■ WHAT IS NEEDED
Pictures stay out of the copy. Retype exactly the lines below from the one with "智慧廣播系統由智慧廣播云平臺" through the one with "本品種仿制藥開發的過程,經過".

=== SOURCE RECORDS ===

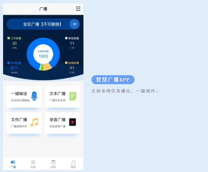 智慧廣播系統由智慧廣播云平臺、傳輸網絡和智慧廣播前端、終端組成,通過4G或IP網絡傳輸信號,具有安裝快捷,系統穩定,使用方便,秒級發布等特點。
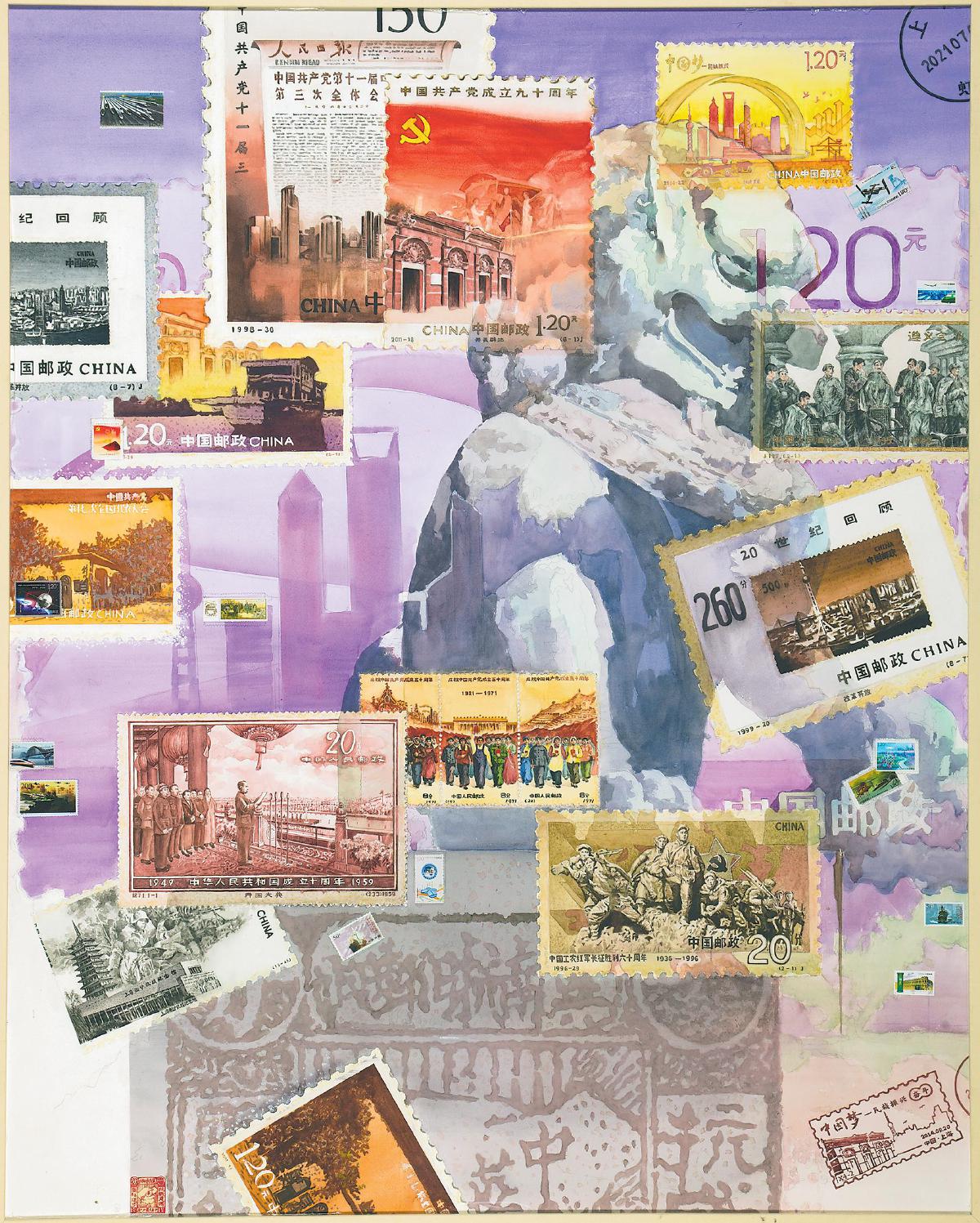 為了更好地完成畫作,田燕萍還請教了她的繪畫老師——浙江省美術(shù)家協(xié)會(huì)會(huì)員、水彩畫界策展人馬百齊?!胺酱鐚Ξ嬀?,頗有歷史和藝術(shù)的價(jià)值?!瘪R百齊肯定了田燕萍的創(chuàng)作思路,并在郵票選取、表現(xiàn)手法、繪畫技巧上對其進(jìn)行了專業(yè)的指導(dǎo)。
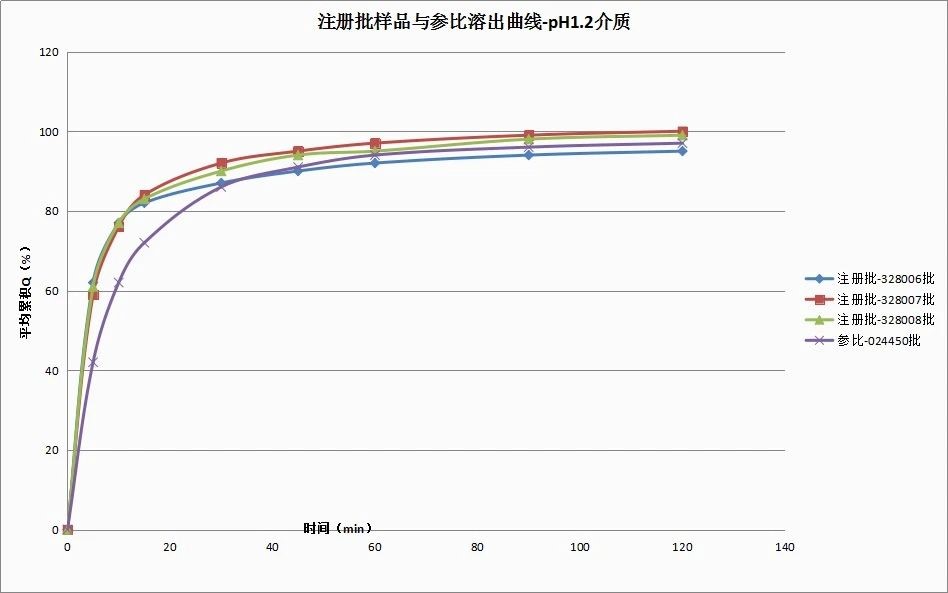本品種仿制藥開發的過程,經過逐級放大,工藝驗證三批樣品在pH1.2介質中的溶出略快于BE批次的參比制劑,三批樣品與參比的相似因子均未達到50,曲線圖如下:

===
=== SOURCE RECORDS ===

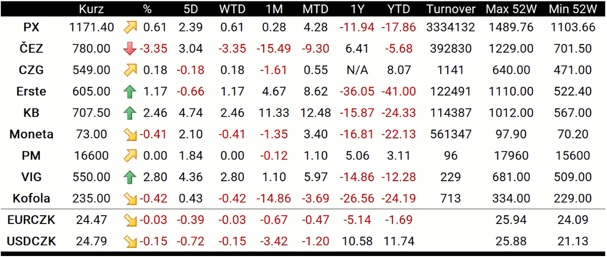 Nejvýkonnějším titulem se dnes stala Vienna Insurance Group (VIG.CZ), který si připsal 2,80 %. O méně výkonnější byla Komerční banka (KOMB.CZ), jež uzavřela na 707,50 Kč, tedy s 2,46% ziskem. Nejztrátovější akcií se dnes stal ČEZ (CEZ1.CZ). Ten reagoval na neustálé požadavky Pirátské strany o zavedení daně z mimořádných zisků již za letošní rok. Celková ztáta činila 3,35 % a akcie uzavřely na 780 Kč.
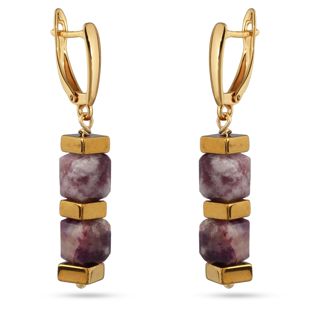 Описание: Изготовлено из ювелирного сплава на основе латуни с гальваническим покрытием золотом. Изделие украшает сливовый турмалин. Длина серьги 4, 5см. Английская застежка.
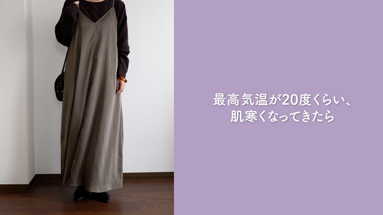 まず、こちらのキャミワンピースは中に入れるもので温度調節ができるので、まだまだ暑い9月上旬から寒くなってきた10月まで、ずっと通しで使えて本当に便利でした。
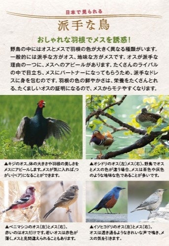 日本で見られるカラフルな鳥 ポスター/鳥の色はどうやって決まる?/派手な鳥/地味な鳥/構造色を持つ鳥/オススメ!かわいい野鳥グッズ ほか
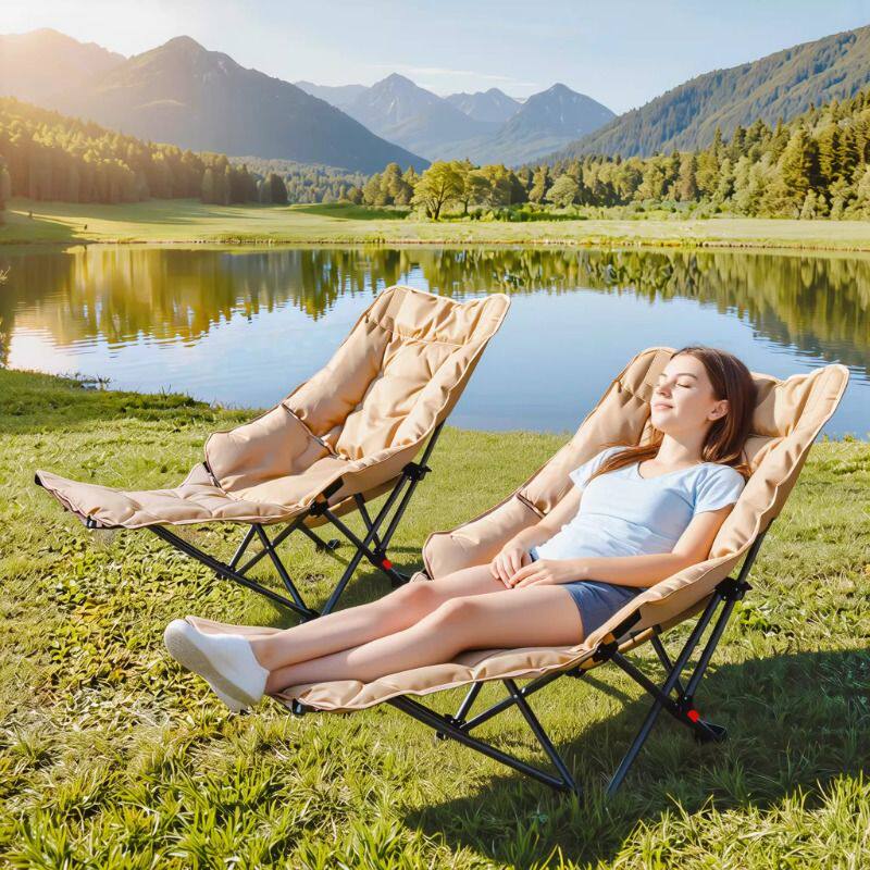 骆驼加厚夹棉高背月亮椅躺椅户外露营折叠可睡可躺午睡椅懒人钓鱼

===
=== SOURCE RECORDS ===

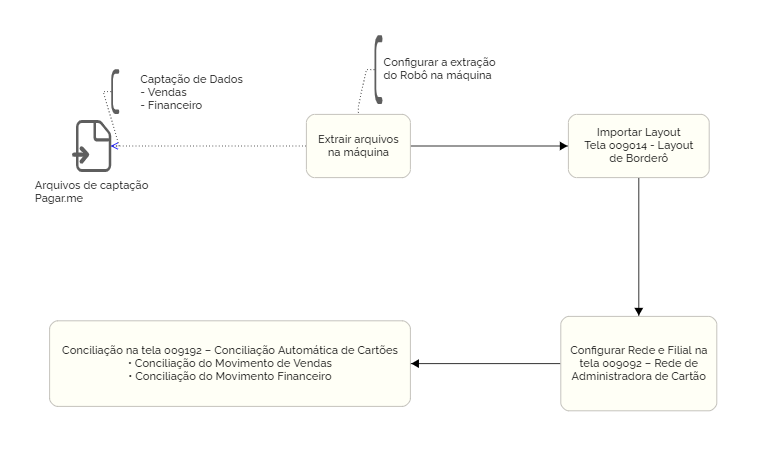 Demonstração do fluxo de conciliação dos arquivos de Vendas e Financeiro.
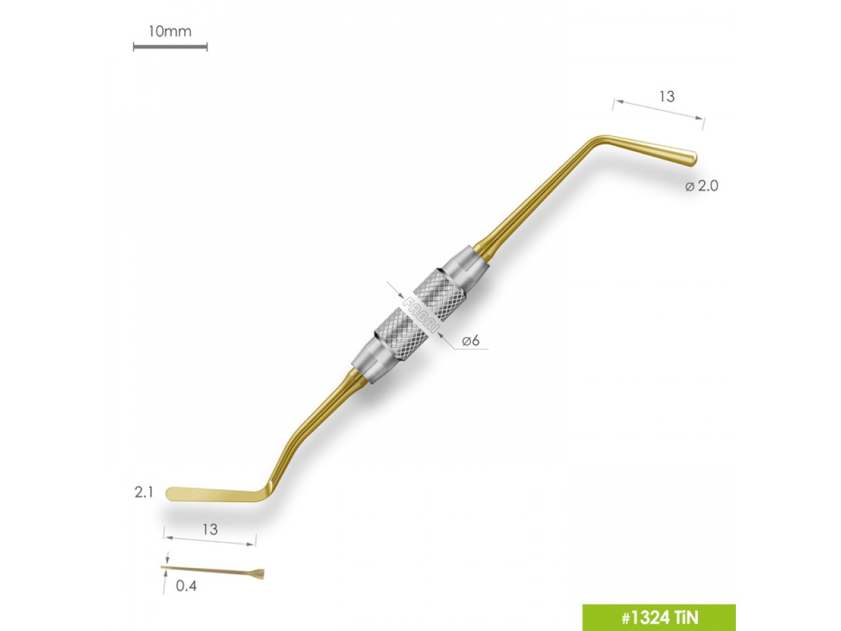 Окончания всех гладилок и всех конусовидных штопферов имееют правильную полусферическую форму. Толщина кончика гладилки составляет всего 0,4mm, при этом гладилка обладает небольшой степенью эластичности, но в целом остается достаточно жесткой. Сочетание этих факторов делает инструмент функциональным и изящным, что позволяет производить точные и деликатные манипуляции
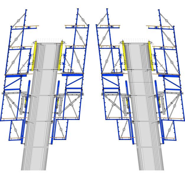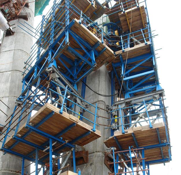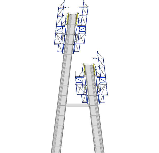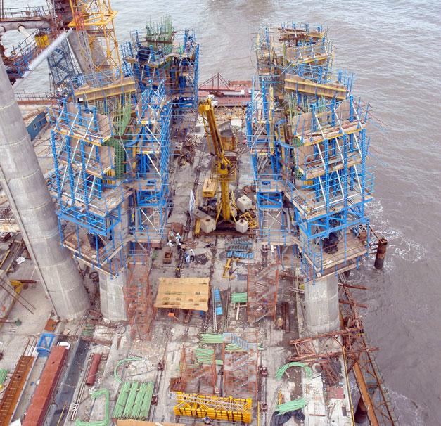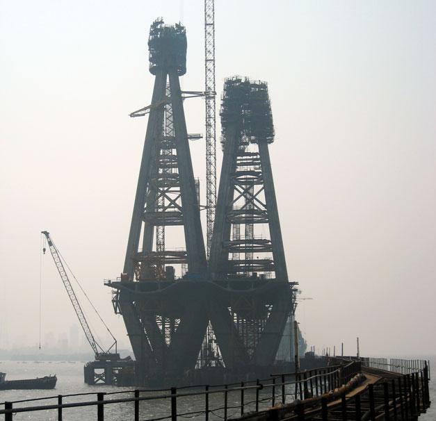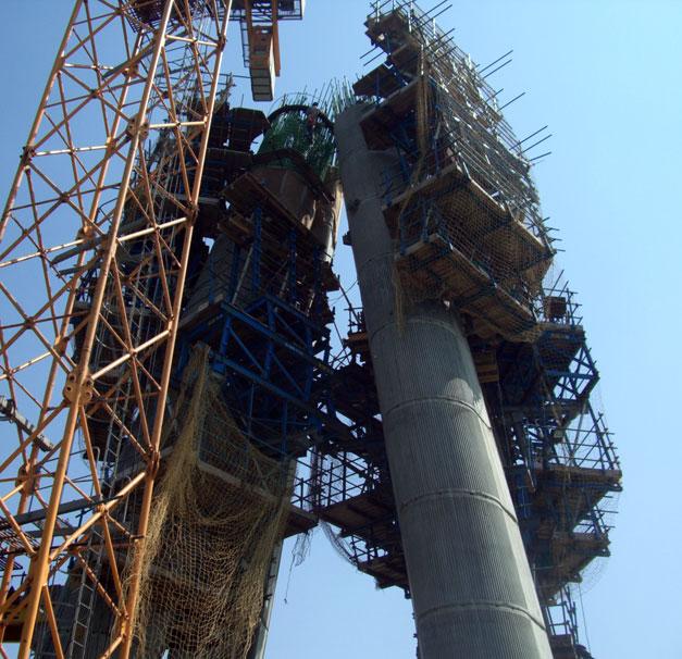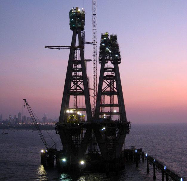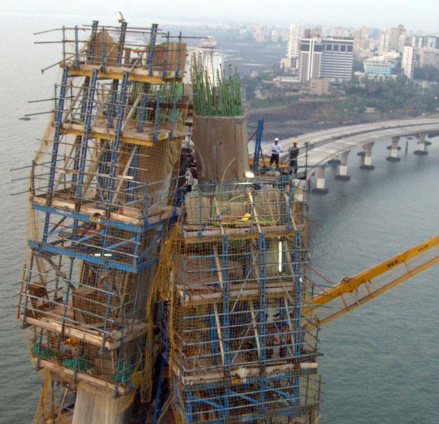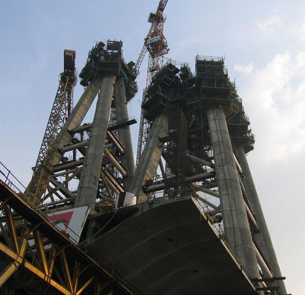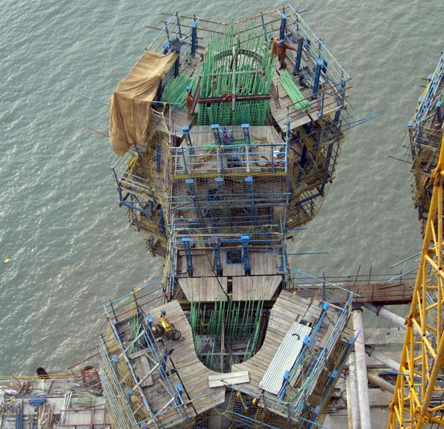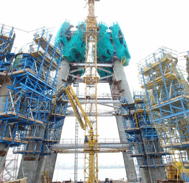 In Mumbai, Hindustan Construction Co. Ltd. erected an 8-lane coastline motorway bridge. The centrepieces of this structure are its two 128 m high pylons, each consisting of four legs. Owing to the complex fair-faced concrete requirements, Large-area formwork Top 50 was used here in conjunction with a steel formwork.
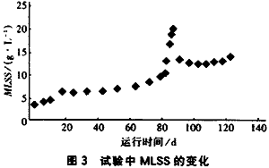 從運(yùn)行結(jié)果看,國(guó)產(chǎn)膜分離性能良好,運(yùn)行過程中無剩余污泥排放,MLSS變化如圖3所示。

===

■ EXPECTED ANSWER
 智慧廣播系統由智慧廣播云平臺、傳輸網絡和智慧廣播前端、終端組成,通過4G或IP網絡傳輸信號,具有安裝快捷,系統穩定,使用方便,秒級發布等特點。
 為了更好地完成畫作,田燕萍還請教了她的繪畫老師——浙江省美術(shù)家協(xié)會(huì)會(huì)員、水彩畫界策展人馬百齊?!胺酱鐚Ξ嬀?,頗有歷史和藝術(shù)的價(jià)值?!瘪R百齊肯定了田燕萍的創(chuàng)作思路,并在郵票選取、表現(xiàn)手法、繪畫技巧上對其進(jìn)行了專業(yè)的指導(dǎo)。
本品種仿制藥開發的過程,經過逐級放大,工藝驗證三批樣品在pH1.2介質中的溶出略快于BE批次的參比制劑,三批樣品與參比的相似因子均未達到50,曲線圖如下:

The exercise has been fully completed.